We find that the circumstances of this case present the most graphic example of the merging of probation and sentencing. The defendant here will be subject to the very same conditions as those who did not receive probation. He will be treated in every way as any other prisoner who has received a "sentence" and been denied probation. Certainly the nature of his confinement is indistinguishable from theirs. Furthermore, the plain language of A.R.S. § 13-709(B) mandates credit against a "term of imprisonment." It seems logical


to interpret confinement in prison as "imprisonment", whether it is imposed as a condition of probation or as a traditional "sentence."
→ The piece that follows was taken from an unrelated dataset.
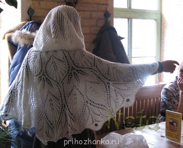Если-бы шаль, то начинали-бы с первого ряда, а для накидки нужен вырез горловины. Поэтому надо рассчитывать - с какого ряда начинать. Широко получится - не страшно. Вставите декоративный шнур-завязку. С кистями, помпонами или бусинами (крупными). Лишь-бы узко не получилось

In this unique situation, where a defendant receives a mandatory prison term as a condition of probation, we hold that he is entitled to credit under A.R.S. § 13-709(B) against that term for time spent in presentence incarceration as any other defendant "sentenced" to prison. We have already found the DWI statutes do not preclude credit for presentence incarceration time, Clements, 161 Ariz. 123, 776 P.2d 801, and we do not disturb here the trial court's discretion to increase the minimum term (up to the statutory maximum).


Conclusion


The defendant was not entitled to credit against his probationary prison term for his presentence incarceration time under the theory of equal protection as it has been interpreted by the courts of this state. However, since the defendant was "sentenced to imprisonment," he was therefore entitled under A.R.S. § 13-709(B) to credit against his mandatory six-month term of imprisonment imposed as a condition of probation for all 150 days of presentence incarceration. Accordingly, although we recognize that we cannot restore the time spent in custody, we modify the sentence imposed to reflect presentence incarceration time pursuant to A.R.S. § 13-4037.


Conviction and sentence affirmed as modified.